This returns the following, r1 giving the pass number for the first recursive member and r2 for the second:

r1 r2 x
1 1 hello
2 1 helloa
1 2 hellob
3 1 helloaa
1 3 hellobb
4 1 helloaaa
1 4 hellobbb
5 1 helloaaaa
1 5 hellobbbb
6 1 helloaaaaa
1 6 hellobbbbb

This is very useful for debugging and also for detecting how a CTE is processed and for controlling the number of passes for each recursive member. For instance:

with MyCTE(r1, r2, i, x)
as
(
select r1 = 1, r2 = 1, i = 0, x = convert(varchar(1000),'hello')
union all
select r1 = r1 + 1, r2 = r2, i = 1, convert(varchar(1000),x + 'a') from MyCTE
where i in (0,1) and R1 < 3
union all
select r1 = r1, r2 = r2 + 1, i = 2, convert(varchar(1000),x + 'b') from MyCTE
where i in (0,2) and R2 < 6
)
select r1, r2, x from MyCTE
order by len(x), x

Here I have terminated the first recursive member after two iterations and the second after five, giving:

1 1 hello
2 1 helloa
1 2 hellob
3 1 helloaa
1 3 hellobb
1 4 hellobbb
1 5 hellobbbb
1 6 hellobbbbb

Note that recursion continues until a pass produces no output – although the first recursive member terminates early recursion continues until both recursive members produce no output.

Recursion limit
In order to demonstrate the recursion limit, we start by producing a series of numbers in a CTE:

with MyCTE(i)
as
(
select i = 1
union all
select i = i + 1 from MyCTE where i < 100
)
select i
from MyCTE
order by i

This happily produces the numbers 1 to 100 (a tally table). However, try increasing the recursion limit as follows:

with MyCTE(i)
as
(
select i = 1
union all
select i = i + 1 from MyCTE where i < 1000
)
select i
from MyCTE
order by i

You will receive the following error:

"The statement terminated. The maximum recursion 100 has been exhausted before statement completion"

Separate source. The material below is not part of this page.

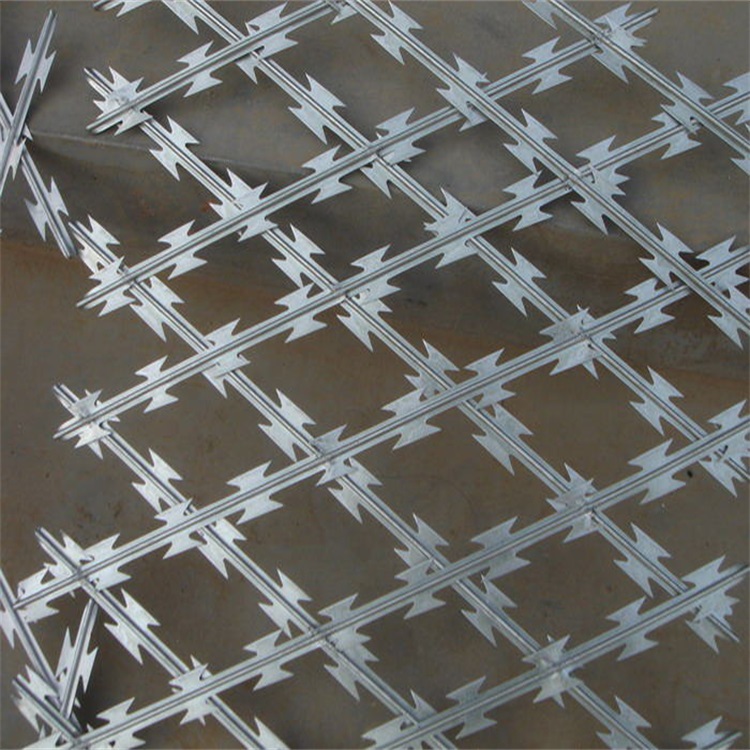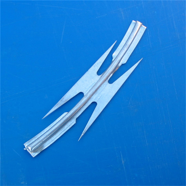 螺旋型交叉式刀片刺絲是在兩條刀片刺絲之間以不銹鋼片和鍍鋅鋼片強(qiáng)力夾和,展開后即成交叉狀,取其美觀又實(shí)用。

It sounds like there is a limit of 100 for recursion but luckily this is just the default limit. For development this is very useful; to save time and space consider setting it lower for first attempts.

The maximum number of recursions can be set via the maxrecursion option, up to a maximum of 32767 (wouldn't it be nice, though, if the error message suggested that the recursion limit should be increased?):

with MyCTE(i)
as
(
select i = 1
union all
select i = i + 1 from MyCTE where i < 1000
)
select i
from MyCTE
order by i
option (maxrecursion 1000)

Uses for Common Table Expressions
Finally, let's review some of the more interesting applications of CTEs.

Traversing a hierarchy
This is covered well in BOL and now gives SQL Server something to compete with the Oracle connect by operator.

Date Ranges
A common requirement is to aggregate entries per day (or month or year). This is easy using a group by, if there are entries for every day:

declare @Sales table (TrDate datetime, Amount money)
insert @Sales select '20060501', 200
insert @Sales select '20060501', 400
insert @Sales select '20060502', 1200

select [day] = TrDate, sum(amount) total_sales
from @sales
group by TrDate
order by TrDate

giving:

day total_sales
2006-05-01 00:00:00.000 600.00
2006-05-02 00:00:00.000 1200.00

However, if there are some days with no transactions the result set, rather than report zero, does not give an entry for that day. To get round this we need to left join to a tally table which includes the days on which we wish to report. With a CTE this becomes simple. For example, for a year:

declare @Sales table (TrDate datetime, Amount money)
insert @Sales select '20060501', 200
insert @Sales select '20060501', 400
insert @Sales select '20060502', 1200

;with MyCTE(d)
as
(
select d = convert(datetime,'20060101')
union all
select d = d + 1 from MyCTE where d < '20061231'
)
select [day] = d.d, sum(coalesce(s.amount,0))
from MyCTE d
left join @sales s
on s.TrDate = d.d
group by d.d
order by d.d
option (maxrecursion 1000)

Note the ";" before the CTE definition – that's just a syntax requirement if the CTE declaration is not the first statement in a batch.

Parsing CSV values
It is common to pass a CSV string in to a stored procedure as a means of passing in an array of values. Often this is turned into a table via a function. Using a CTE we can now contain this code within the stored procedure:

declare @s varchar(1000)
select @s = 'a,b,cd,ef,zzz,hello'

;with csvtbl(i,j)
as
(
select i=1, j=charindex(',',@s+',')
union all
select i=j+1, j=charindex(',',@s+',',j+1) from csvtbl
where charindex(',',@s+',',j+1) 0
)
select substring(@s,i,j-i)
from csvtbl

The output is as follows:

a
b
cd
ef
zzz
hello

How does this work? The anchor member, select i=1, j=charindex(‘,’,@s+’,'), returns 1 and the location of the first comma. The recursive member gives the location of the first character after the comma and the location of the next comma (we append a comma to the string to get the last entry). The result set is then obtained by using these values in a substring.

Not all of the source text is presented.